Torna-se necessário acreditar na igualdade jurídica e liberdade propostas pela sociedade capitalista, ou seja, a de que o trabalhador pode escolher para quem vender a sua força de trabalho.

Essa igualdade e liberdade escondem a relação desigual, escondem a apropriação da mais-valia por parte do capitalista. A alienação é necessária para manter a reprodução das relações sociais na economia capitalista. O auto- engano se recria cotidianamente e ideologicamente para que o trabalhador não entre em conflito consciente com a sociabilidade das relações de trabalho.

A contradição encerrada na produção social do trabalho, com a apropriação privada das riquezas provenientes desse trabalho - asseguradas pela igualdade jurídica e executadas na desigualdade econômica - permite a possibilidade de superação dessa situação.

O trabalhador pode tentar superar essa contradição de modo alienado, sem questionar de fato a contradição em que vive e se reproduz.
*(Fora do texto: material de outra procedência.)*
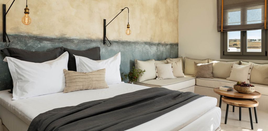 Stylish surroundings meet effortless luxury in the minimally adorned spacious Kythnos Suite with Private Pool. Showcasing the Cycladic style, the upscale interior unfolds in two floors. The patterned wall over the double bed resembles an artistic masterpiece that blends perfectly with the immaculate furnishing, handpicked and tailor-made by COCO-MAT. Immerse yourself to its spacious sitting area and indulge in its top-notch amenities; an extra double bed, two sleek bathrooms, a petite open closet and a sofa make for a sanctuary to host your laid-back moments. Step out to the private terrace, to splash in the enthralling pool.
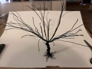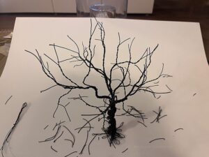 Die Bäume: Die kahlen Stämme habe ich aus schwarzem Draht geflochten und die Strukturen mit einer Heißklebepistole fixiert.
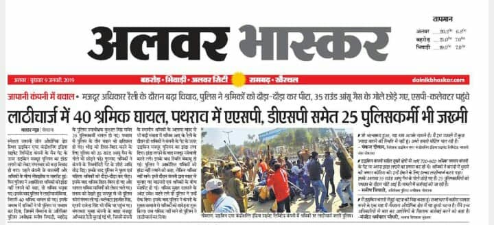 Daikin Air Conditioning Mazdoor Union (Registration Number JT/ARTU/28/2018) issued a Statement on the Strike and repression on 8th January 2019, condemning the brutal attack by the police and the company hired goons. They said it was an attempt to crush the 5 year long struggle of Daikin workers and other workers’ struggles in Neemrana industrial area.
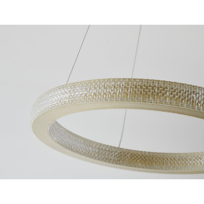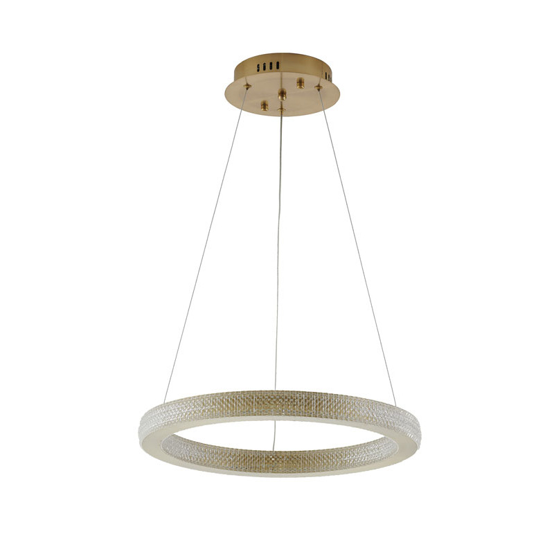 A SAND GOLD HALO LED CHANDELIER WITH AN ACRYLIC CLEAR LENS
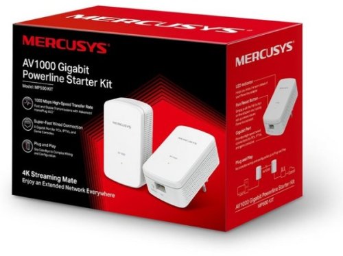 Mercusys MP500 KIT premení vašu existujúcu elektrickú sieť na vysokorýchlostnú internetovú sieť bez nutnosti ďalších káblov či vŕtania. Nie je potrebná žiadna konfigurácia, stačí len zapojiť adaptéry do elektrických zásuviek a okamžite tak vytvoriť sieťovú infraštruktúru. Prenosová rýchlosť powerline je až 1000 Mbps a na oboch stranách prináša 1x 10/100/1000Mbps ethernet na pripojenie do switcha, routera, počítača alebo iného zariadenia s RJ45 portom.
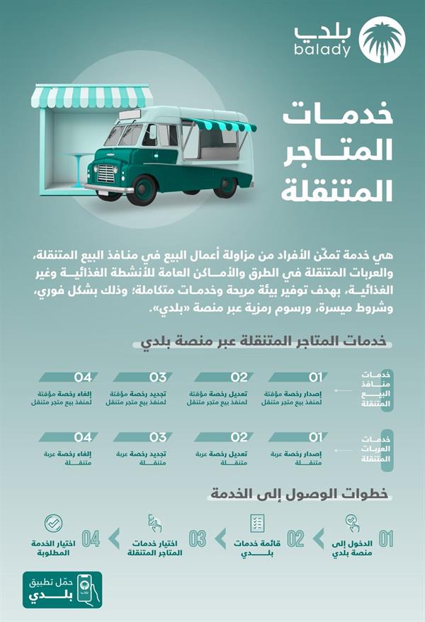 آخر الأخبار > خطوات الوصول إلى خدمات المتاجر المتنقلة عبر منصة “بلدي”
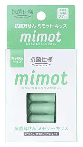抗菌 耳せん mimot キッズサイズ 2ペア入り 携帯用ジップバッグ付き
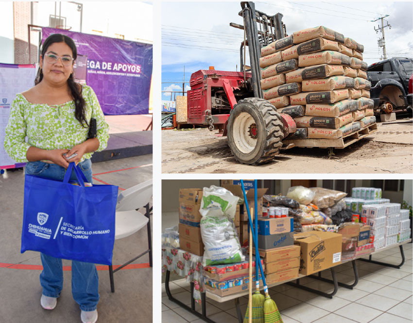 Igualmente, en los municipios de Chihuahua y Juárez se otorgaron 9 mil 510 apoyos en especie, 7 mil 826 despensas, 7 mil 552 cobijas, 247 colchonetas, 141 paquetes de material de construcción, mil 407 bultos de cemento, 183 kits de baño, 760 kits de higiene, dos tanques de gas, tres calentones, mil 257 cubetas de impermeabilizante, mil láminas, 613 cubetas de pintura vinílica y 2 mil 013 abanicos, con una inversión estimada de $15,514,866.

Nesse caso, ele tenta apoderar-se das riquezas distribuídas desigualmente – busca na ascensão social uma saída individual.

Mas a contradição em que vive o trabalhador é uma contradição social, para se libertar ele precisa ter uma ação coletiva, precisa libertar a sociedade inteira. Sua ação, nesse caso, torna-se uma ação de classe, inovadora. Essa é uma possibilidade histórica. É a possibilidade de libertação do humano na sociedade das relações coisificadas.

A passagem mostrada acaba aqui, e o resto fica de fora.